Problem statement —
Since the pictures are not wanted, copy only the text of every record exactly.
Material for this task below:
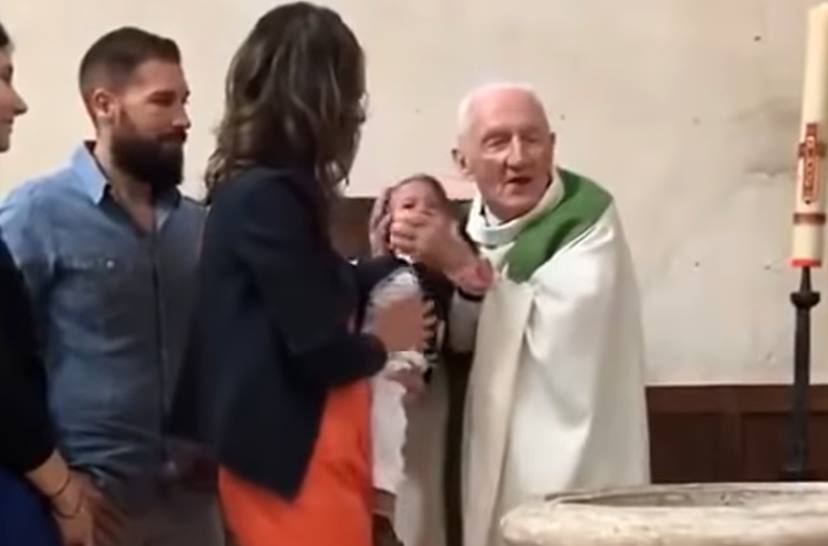 “Durante a missa, tudo correu bem, mas no momento do batismo, o bebê começou a chorar. Ele tem dois anos e meio, não é uma boa idade para batizar, nesta idade eles são grandinhos, então sabem que algo está acontecendo, mas ainda são pequenos demais para entender e perceber. Lá, a criança estava gritando muito e eu tive que virar a cabeça para despejar a água. Eu disse a ele ‘acalme-se’, mas ele não estava se acalmando. Tentei segurá-lo perto, contra mim para tentar acalmá-lo”, justificou o padre.
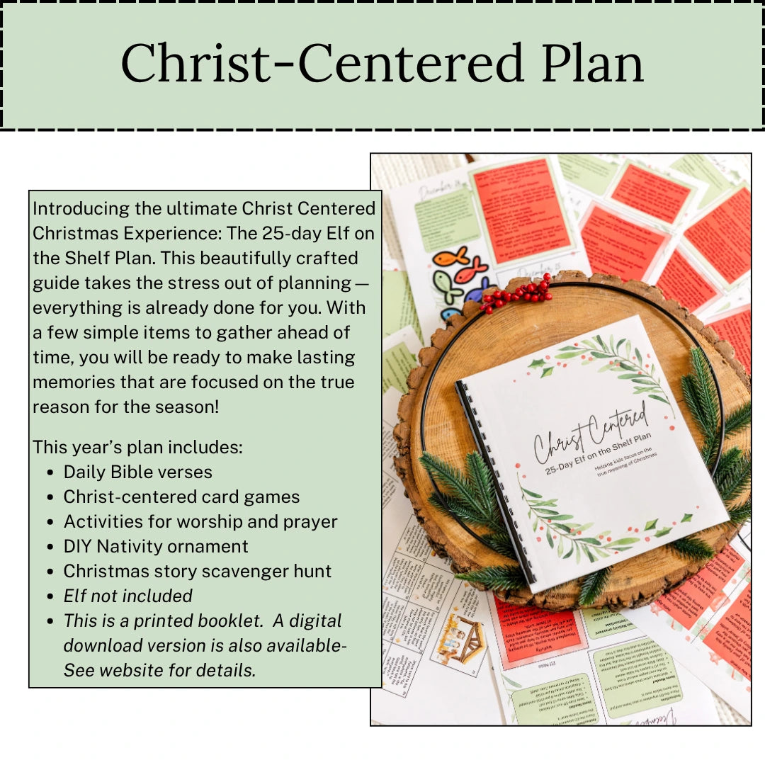 Introducing the ultimate Christ Centered Christmas Experience: The printed version of the 25-day Elf on the Shelf Plan. Take the stress out of holiday planning with this ready-to-use printed booklet. With just a few simple items to gather, you’ll enjoy meaningful, faith-filled moments all season long. Each day features Bible verses, Christ-centered games, worship activities, prayer prompts, a Nativity ornament craft, a Christmas story scavenger hunt, and more—perfect for families who want to celebrate faith and fun together. Elf not included. This is the printed version. A digital download is also available on the website.
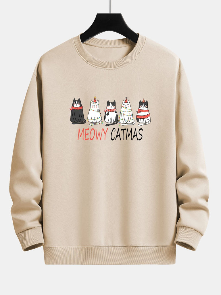 Christmas Cat Friend Print Relax Fit Sweatshirt
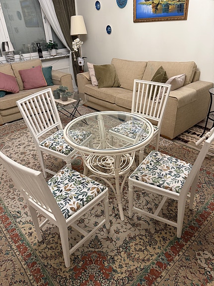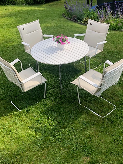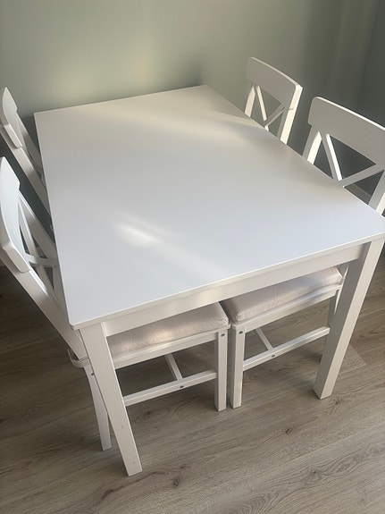 Vit matbord & 4 stolar med dynor
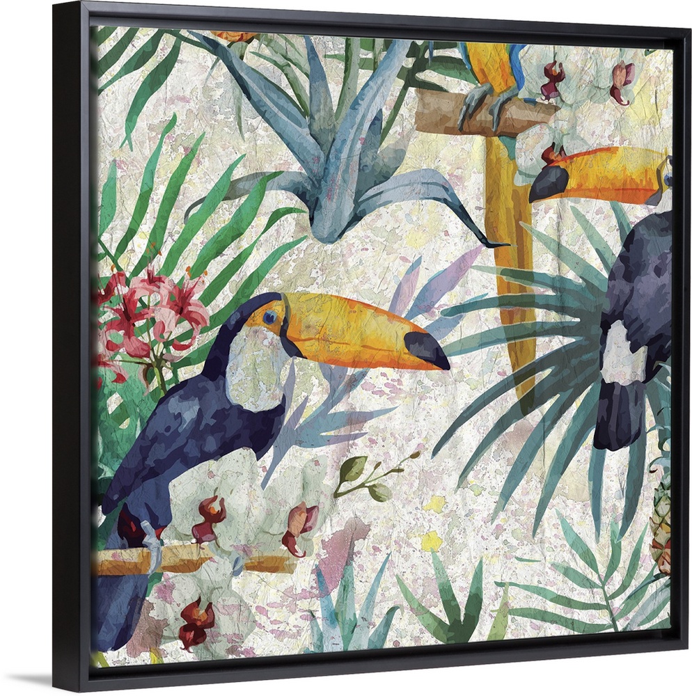<p>Tropical pattern with Toco Toucans on green palm leaves with white orchids.</p>
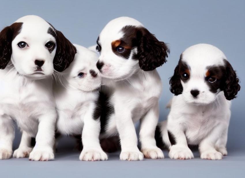 Three little spotted white-red puppy of breed Russian spaniel isolated on a white background. A dog is a friend of man.
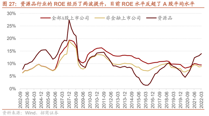 2016年和2020年之后,资源品行业的ROE经历了两波提升,目前ROE水平反超了A股平均水平。
End of Material for this task.
Answer space —
 “Durante a missa, tudo correu bem, mas no momento do batismo, o bebê começou a chorar. Ele tem dois anos e meio, não é uma boa idade para batizar, nesta idade eles são grandinhos, então sabem que algo está acontecendo, mas ainda são pequenos demais para entender e perceber. Lá, a criança estava gritando muito e eu tive que virar a cabeça para despejar a água. Eu disse a ele ‘acalme-se’, mas ele não estava se acalmando. Tentei segurá-lo perto, contra mim para tentar acalmá-lo”, justificou o padre.
 Introducing the ultimate Christ Centered Christmas Experience: The printed version of the 25-day Elf on the Shelf Plan. Take the stress out of holiday planning with this ready-to-use printed booklet. With just a few simple items to gather, you’ll enjoy meaningful, faith-filled moments all season long. Each day features Bible verses, Christ-centered games, worship activities, prayer prompts, a Nativity ornament craft, a Christmas story scavenger hunt, and more—perfect for families who want to celebrate faith and fun together. Elf not included. This is the printed version. A digital download is also available on the website.
 Christmas Cat Friend Print Relax Fit Sweatshirt
 Vit matbord & 4 stolar med dynor
<p>Tropical pattern with Toco Toucans on green palm leaves with white orchids.</p>
 Three little spotted white-red puppy of breed Russian spaniel isolated on a white background. A dog is a friend of man.
 2016年和2020年之后,资源品行业的ROE经历了两波提升,目前ROE水平反超了A股平均水平。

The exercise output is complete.